=== WORK INSTRUCTION ===
For the data below, transcribe the part that opens with the line containing "Gold is consolidating" and closes with the line containing "카이버 네트워크는 서로", exactly and with no pictures.

===== TASK MATERIAL

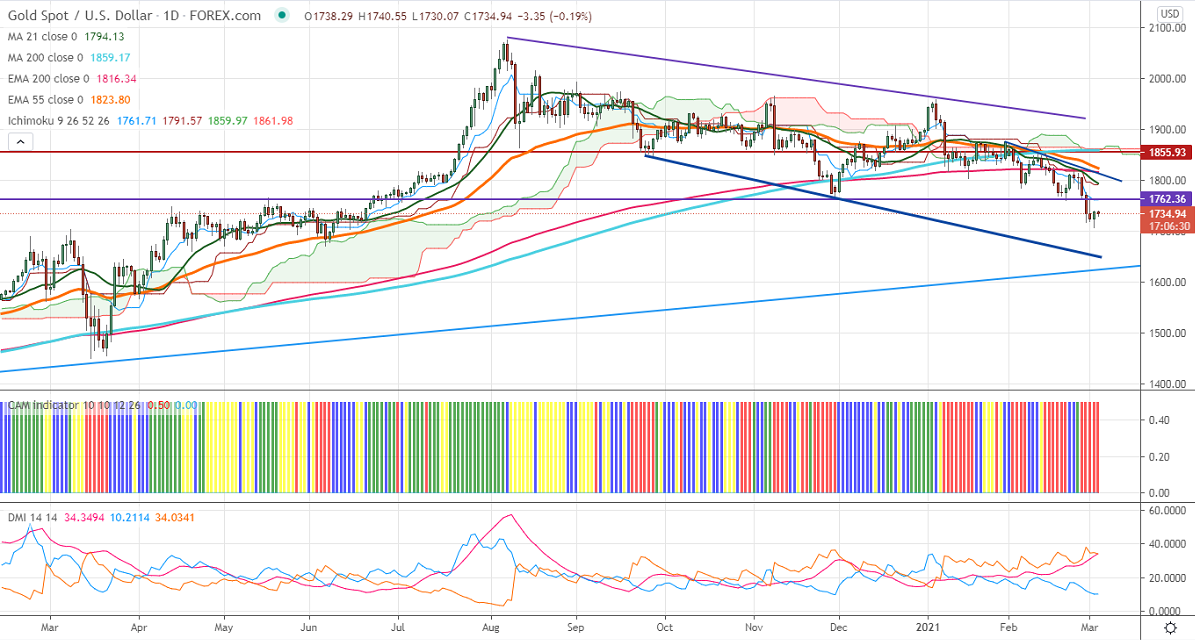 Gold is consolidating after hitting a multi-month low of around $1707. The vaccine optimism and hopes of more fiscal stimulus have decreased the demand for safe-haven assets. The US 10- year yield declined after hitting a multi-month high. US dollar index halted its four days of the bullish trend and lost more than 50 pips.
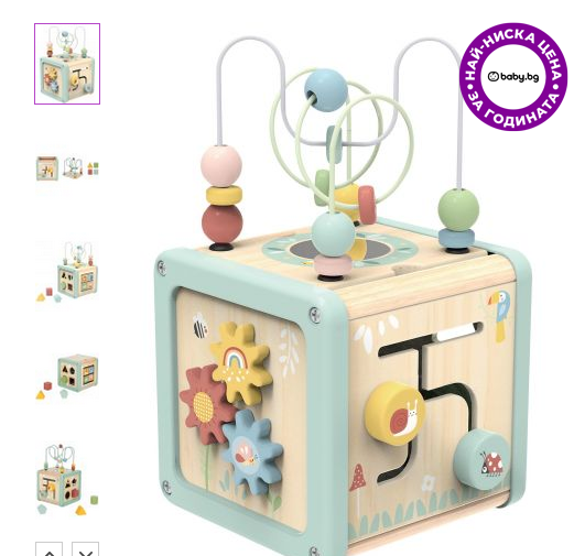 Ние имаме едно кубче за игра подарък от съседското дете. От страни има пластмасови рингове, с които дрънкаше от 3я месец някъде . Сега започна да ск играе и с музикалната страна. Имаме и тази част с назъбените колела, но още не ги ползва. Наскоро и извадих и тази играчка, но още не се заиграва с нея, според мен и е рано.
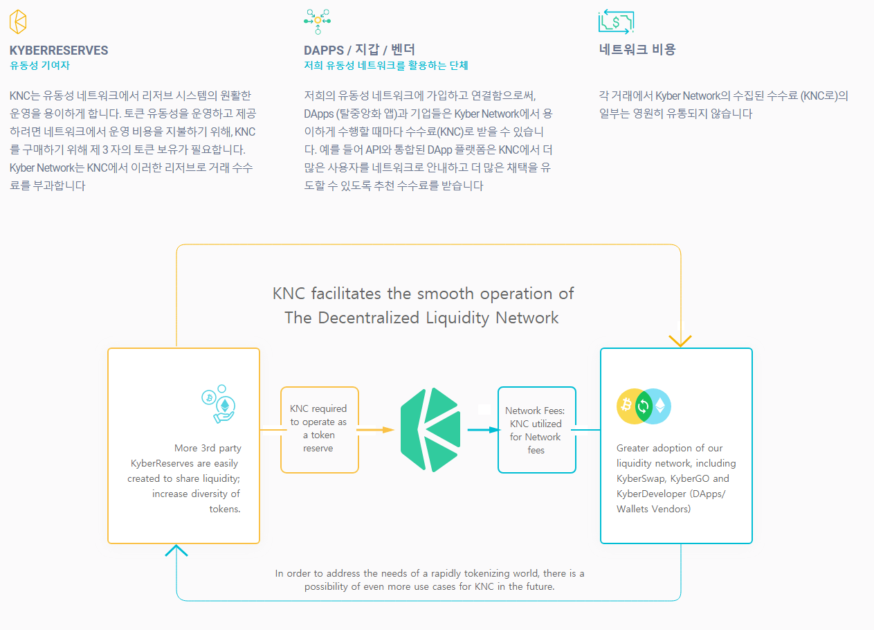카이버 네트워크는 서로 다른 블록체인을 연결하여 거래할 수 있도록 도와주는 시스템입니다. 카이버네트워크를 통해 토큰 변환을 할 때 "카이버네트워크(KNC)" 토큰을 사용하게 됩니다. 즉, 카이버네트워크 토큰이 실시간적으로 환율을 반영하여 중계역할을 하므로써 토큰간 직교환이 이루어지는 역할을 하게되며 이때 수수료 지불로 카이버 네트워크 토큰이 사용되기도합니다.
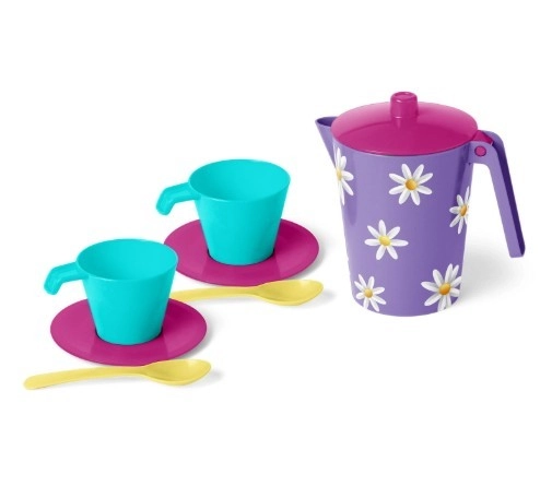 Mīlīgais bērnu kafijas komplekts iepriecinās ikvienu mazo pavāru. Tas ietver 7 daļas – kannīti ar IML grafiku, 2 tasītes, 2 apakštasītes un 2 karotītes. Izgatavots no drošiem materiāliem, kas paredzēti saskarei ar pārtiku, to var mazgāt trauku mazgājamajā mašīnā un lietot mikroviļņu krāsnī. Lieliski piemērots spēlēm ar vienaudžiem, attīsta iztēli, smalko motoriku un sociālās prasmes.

==========
===== TASK MATERIAL

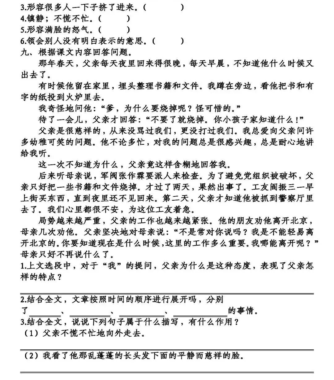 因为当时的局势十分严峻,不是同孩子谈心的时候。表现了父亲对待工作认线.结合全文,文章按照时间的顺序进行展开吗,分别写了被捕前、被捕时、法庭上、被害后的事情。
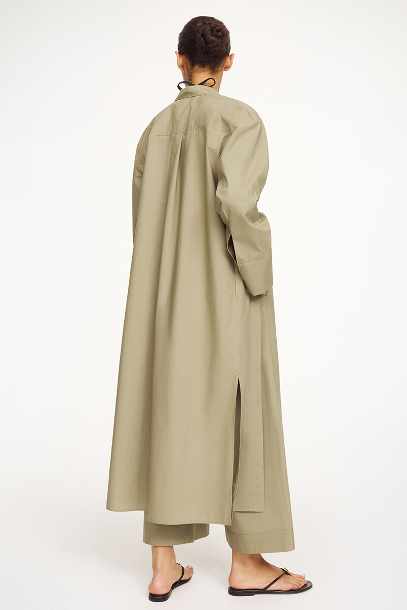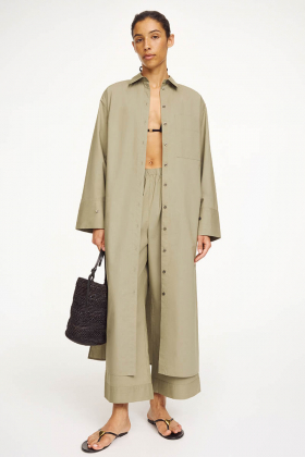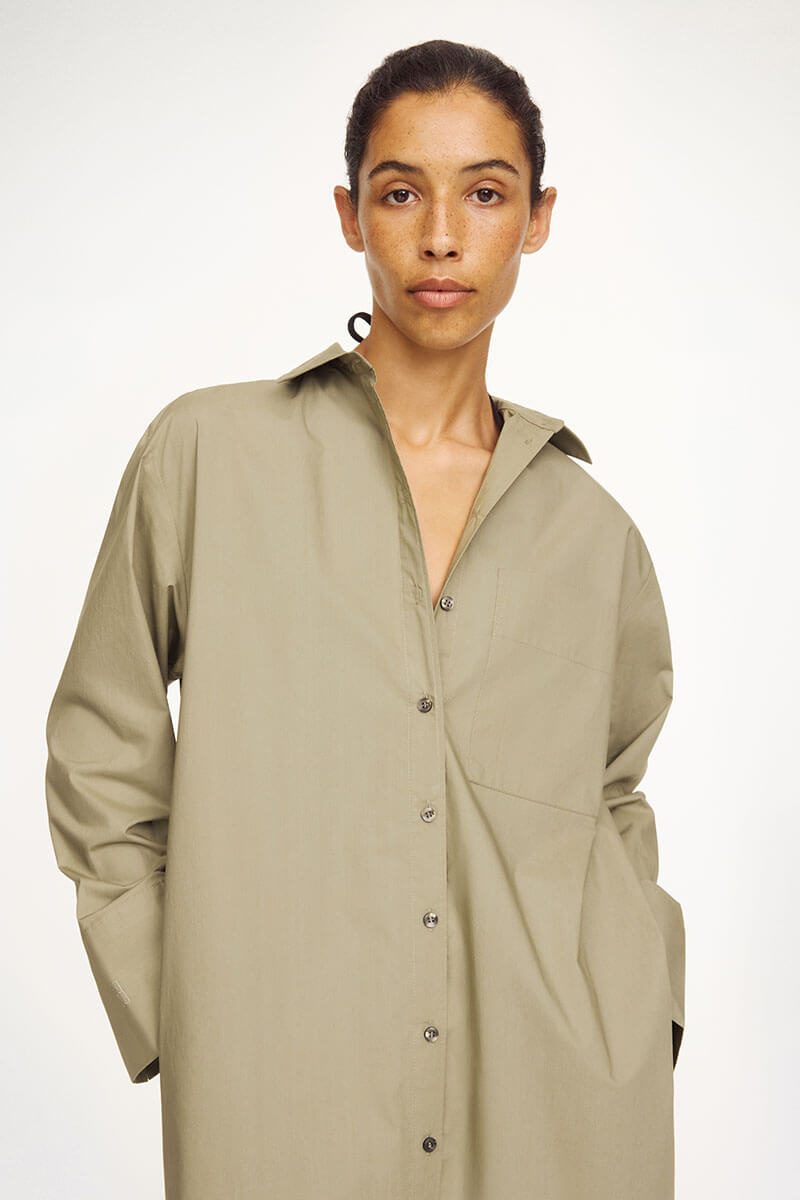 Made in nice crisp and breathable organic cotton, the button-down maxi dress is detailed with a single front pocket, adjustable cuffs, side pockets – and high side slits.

==========
===== TASK MATERIAL

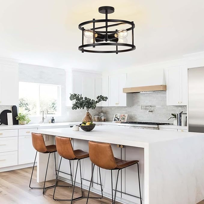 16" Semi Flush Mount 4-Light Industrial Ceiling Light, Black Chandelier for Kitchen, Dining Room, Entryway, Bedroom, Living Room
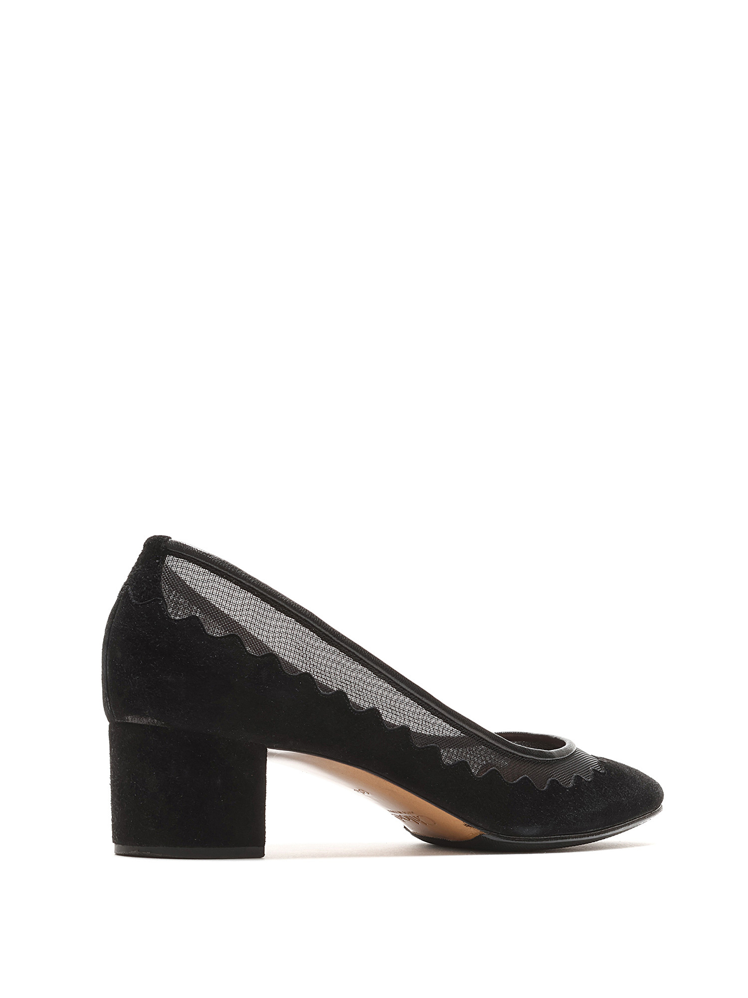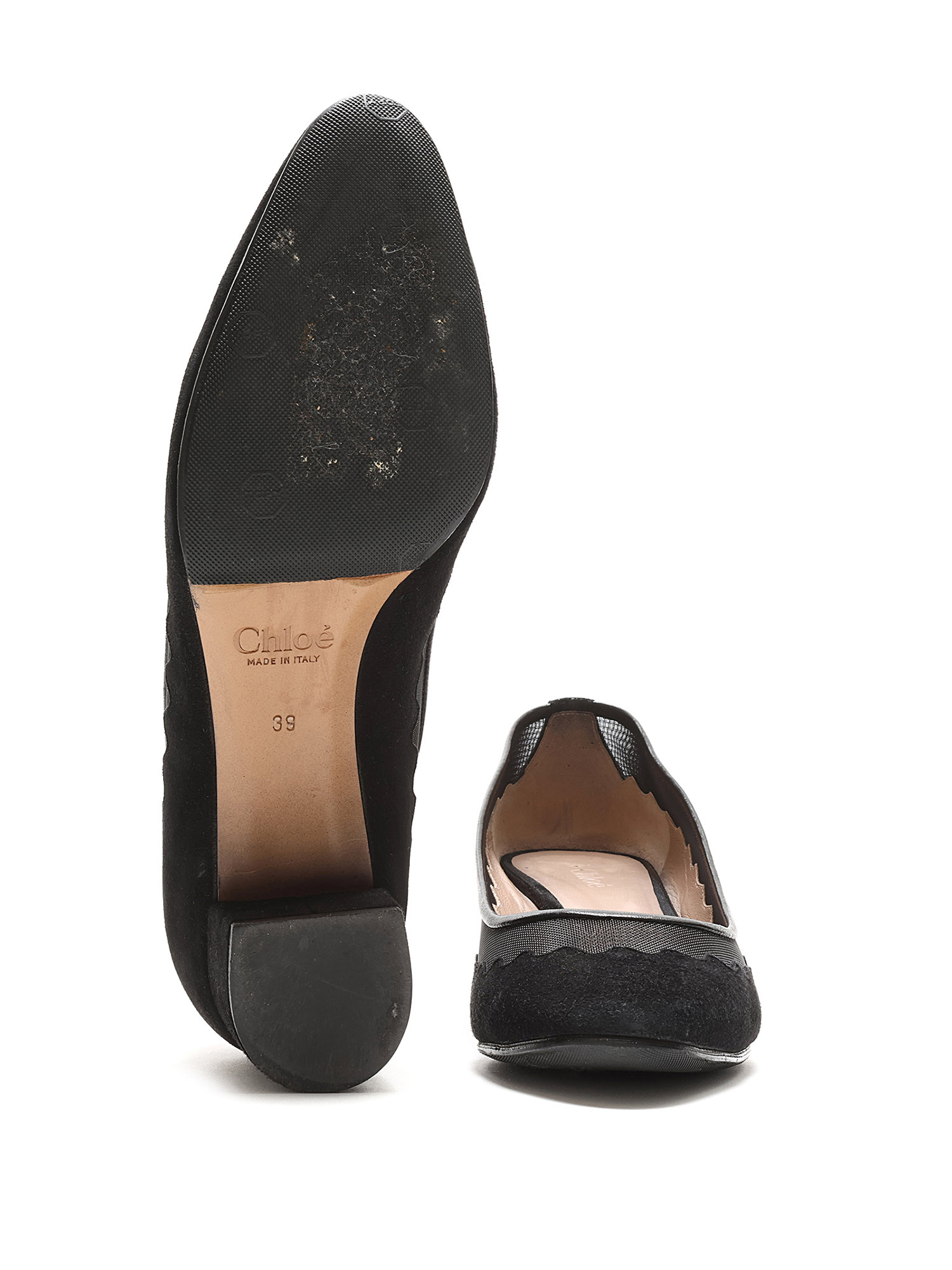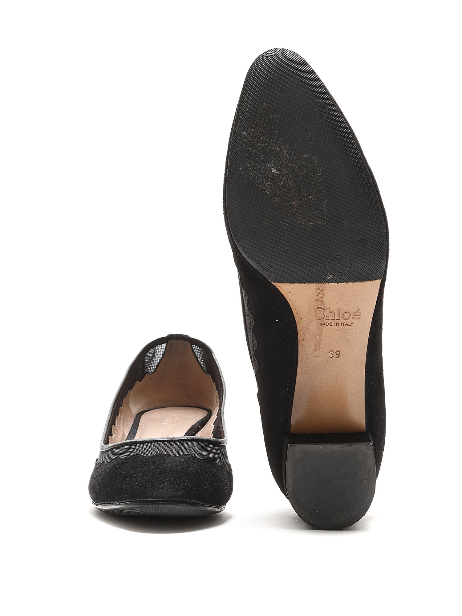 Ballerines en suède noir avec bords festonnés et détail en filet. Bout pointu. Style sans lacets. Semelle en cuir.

==========

=== RESULT FOR THIS EXERCISE ===
 Gold is consolidating after hitting a multi-month low of around $1707. The vaccine optimism and hopes of more fiscal stimulus have decreased the demand for safe-haven assets. The US 10- year yield declined after hitting a multi-month high. US dollar index halted its four days of the bullish trend and lost more than 50 pips.
 Ние имаме едно кубче за игра подарък от съседското дете. От страни има пластмасови рингове, с които дрънкаше от 3я месец някъде . Сега започна да ск играе и с музикалната страна. Имаме и тази част с назъбените колела, но още не ги ползва. Наскоро и извадих и тази играчка, но още не се заиграва с нея, според мен и е рано.
카이버 네트워크는 서로 다른 블록체인을 연결하여 거래할 수 있도록 도와주는 시스템입니다. 카이버네트워크를 통해 토큰 변환을 할 때 "카이버네트워크(KNC)" 토큰을 사용하게 됩니다. 즉, 카이버네트워크 토큰이 실시간적으로 환율을 반영하여 중계역할을 하므로써 토큰간 직교환이 이루어지는 역할을 하게되며 이때 수수료 지불로 카이버 네트워크 토큰이 사용되기도합니다.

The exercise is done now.